• [DATA BELOW]
******

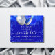 Um fundo azul real moderno decorado com gotas azuis reais, confetes e balões. Personalize e adicione uma data e nome/idade. O texto: Salve a Data é escrito com um estilo de letra manuscrita grande e moderno.
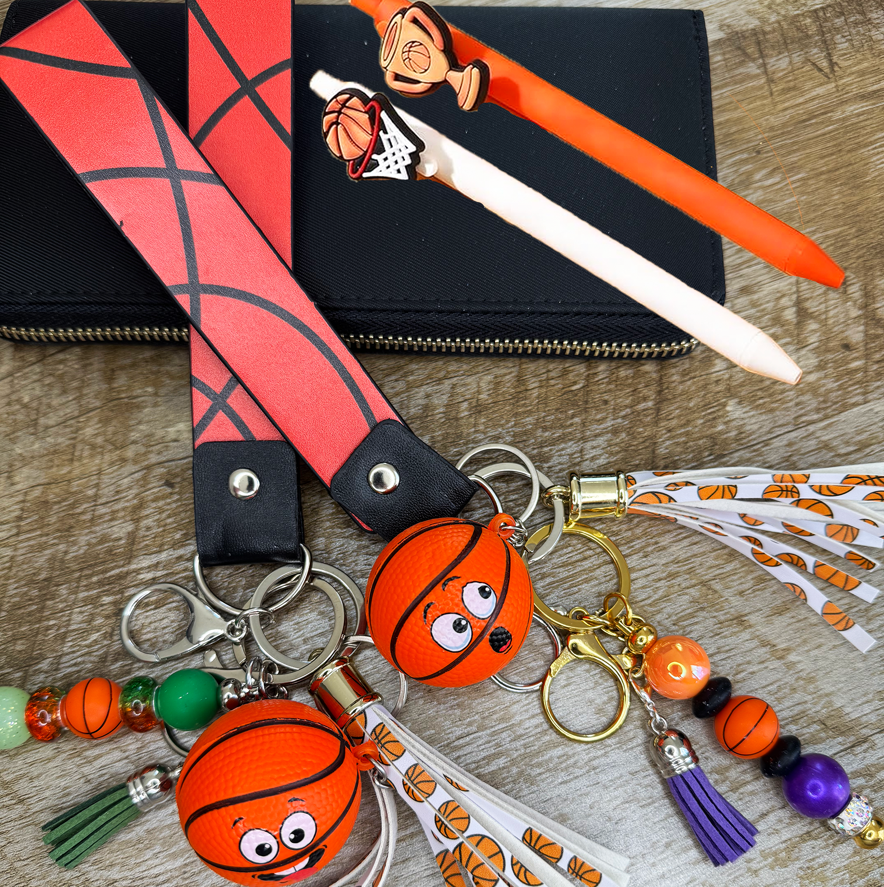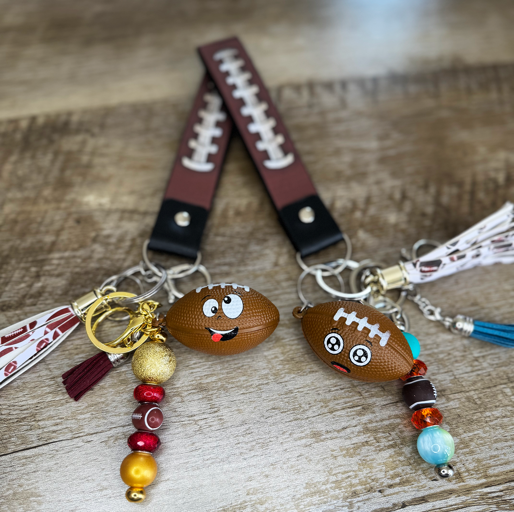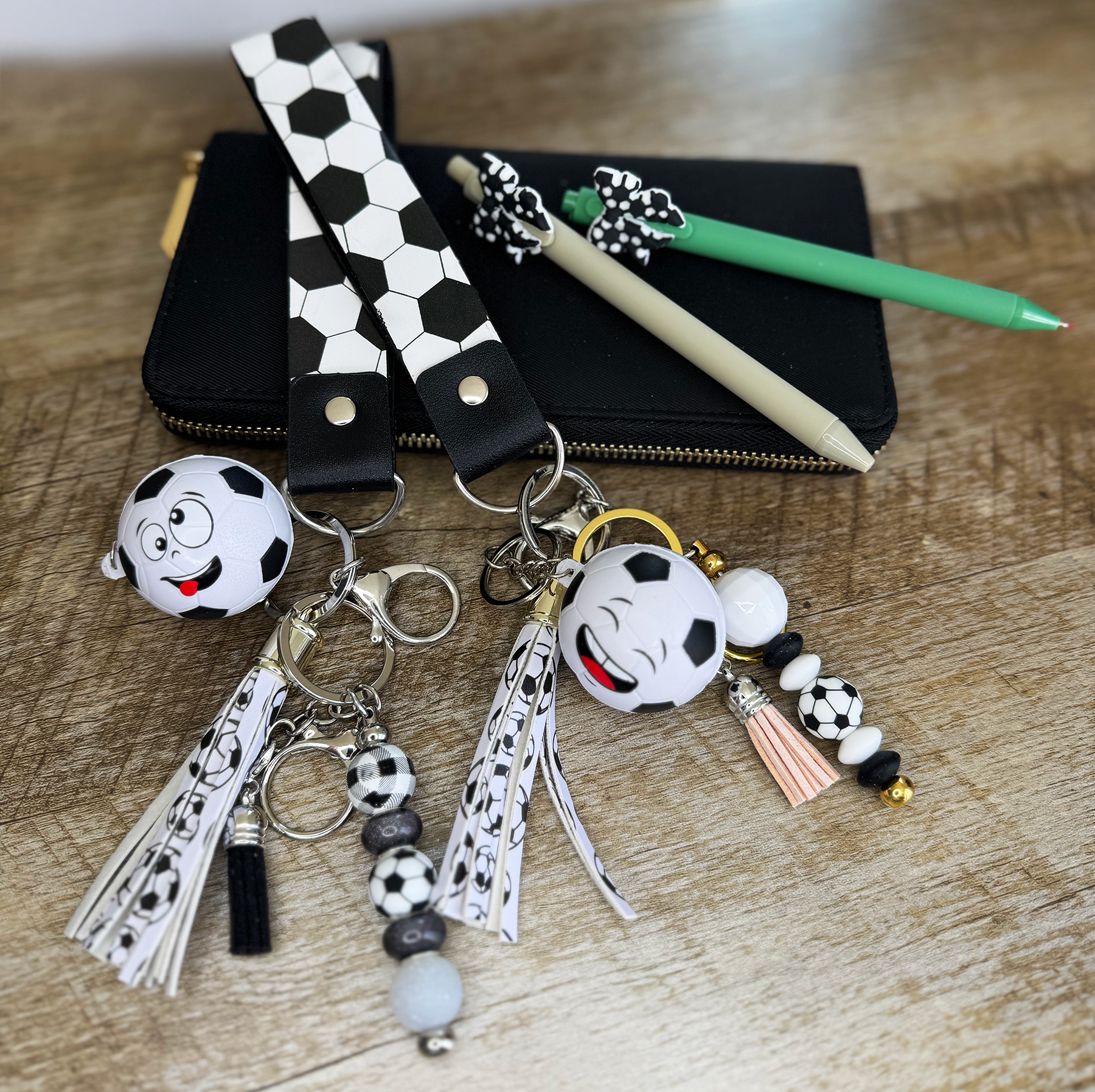 -A mini beadable Sports Fanatic keychain, complete with a keychain base and 8+ beads with a sports ball bead and accent beads in your team colors
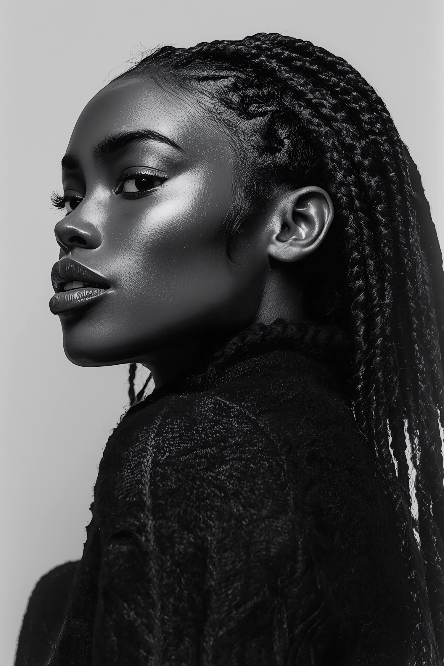 Black-and-white portrait of a woman with braided hair, showcasing her confident gaze and striking features in a minimalist setting.
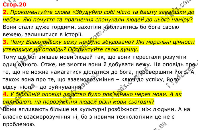 2. Прокоментуйте слова «Збудуймо собі місто та башту заввишки до неба». Які почуття та прагнення спонукали людей до цього наміру? Вони стали дуже гордими, захотіли наблизитись бо бога своєю вежею, залишитися в історії. 3. Чому Вавилоньску вежу не було збудовано? Які моральні цінності утверджує ця оповідь? Обґрунтуйте свою думку. Тому що бог змішав мови людей так, що вони перестали розуміти один одного. Отже, не змогли вони й добувати вежу. Ця оповідь про те, що не можна намагатися дістатися до бога, перевершити його. А також вона про те, що взаєморозуміння – ключ до успіху, його відсутність – до руйнування. 4. У біблійній оповіді людство було роз’єднано через мови. А як впливають на порозуміння людей різні мови сьогодні? Вони впливають більше на культурні розбіжності між людьми. А на власне взаєморозуміння ні, бо з новими технологіями це не є проблемою.

******

• [PROMPT] A word-for-word copy of the lines from the one with "-A mini beadable" through the final line of the listing above is the whole answer, and it contains no pictures.

• [TASK RESULT]
 -A mini beadable Sports Fanatic keychain, complete with a keychain base and 8+ beads with a sports ball bead and accent beads in your team colors
 Black-and-white portrait of a woman with braided hair, showcasing her confident gaze and striking features in a minimalist setting.
 2. Прокоментуйте слова «Збудуймо собі місто та башту заввишки до неба». Які почуття та прагнення спонукали людей до цього наміру? Вони стали дуже гордими, захотіли наблизитись бо бога своєю вежею, залишитися в історії. 3. Чому Вавилоньску вежу не було збудовано? Які моральні цінності утверджує ця оповідь? Обґрунтуйте свою думку. Тому що бог змішав мови людей так, що вони перестали розуміти один одного. Отже, не змогли вони й добувати вежу. Ця оповідь про те, що не можна намагатися дістатися до бога, перевершити його. А також вона про те, що взаєморозуміння – ключ до успіху, його відсутність – до руйнування. 4. У біблійній оповіді людство було роз’єднано через мови. А як впливають на порозуміння людей різні мови сьогодні? Вони впливають більше на культурні розбіжності між людьми. А на власне взаєморозуміння ні, бо з новими технологіями це не є проблемою.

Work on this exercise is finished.